ここでなら平穏生活が送れると思ったけど、いつまでもここで平和に過ごせるとは思って無かったよ。こんな特殊設定まみれの私がいつまでも村で平和に過ごせるわけがないって。だけどダンさん達の仕事の手伝いをしたり、カカンヌさんやアンヌとご飯を作ったり、みんなと遊んだりして過ごす日々がすごく楽しくて…一日一日を平和に過ごせた事に幸せだった。だからいつもこの生活が続くように祈ってた。平穏な日々が続きますようにって。だけどやっぱり…無理だった。
「…じゃあね」
これでみんなと、この村とはお別れだ。私の言葉と共に目から流れ出た涙は、ごわついた麻袋に沁みこんでいった。
「サーイェ!!」
アンヌが悲しみに顔を歪めて私の名を叫んだ。
「ごめんなさい!さっきは‥酷い事言ってごめんなさい…!!」
「アンヌ…」
アンヌはぼろぼろ涙を流しながら謝った。きっとさっきの事を言ってるんだろう。
「大丈夫だよ」
私はアンヌに向かって微笑んだけど、麻袋で顔を覆っているから表情は分からないだろうな。

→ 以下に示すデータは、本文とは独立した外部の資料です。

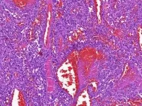 ①肿瘤组织内有不规则的类似于血管腔的出血性裂隙。

「正直に言えばあの言葉はけっこう傷ついたけど…あれはアンヌがみんなの事を思って言った言葉だから」
アンヌはしゃくり上げながらも黙って私の言葉を聞いていた。
「私とアンヌは考え方が違うんだもん。考え方が違うから衝突する事もある。だけど違うからこそお互いの事を分かり合おうとするし、思いやる事も出来る。今だってこうやって分かりあうことが出来たでしょ?だから私は大丈夫。もう泣かないで」
「サーイェ‥あ、ありがと…ありがとう…!!」
「うん…」
アンヌは震える声でお礼を言うと、そのまま泣き崩れてしまった。最後に見るのが泣き顔なんて悲しいな。だけどこの状況で笑ってなんて言うのは酷だよね。
次に会うことが出来るなら笑顔が見たい。だけどそれはきっと叶わないんだろうな。殺されるか、生きていてもヤン婆がいる限り戻る事は許されないだろう。きっとみんなも私が戻ってくる事が出来ない事が分かっているからこそ、こんなに必死で引き止めてくれているんだろう。
「遠くにいても‥皆の幸せを祈っているよ」
もう戻れない。いや、もう戻らない。それなら前に進まなきゃ。たとえそれが茨の道でも、ってね。私のやりたいようにやるよ。さ、気持ちを切り替えなきゃ。
「お時間を下さり有り難うございました。行きましょう」
「……」
団長は黙って私を見てきたので、私も見返した。お互いに表情を読み取る事は出来ない。
「行くぞ」
黒騎士団長が声を掛けると私達はヤン婆の向かって行った家の裏に向かった。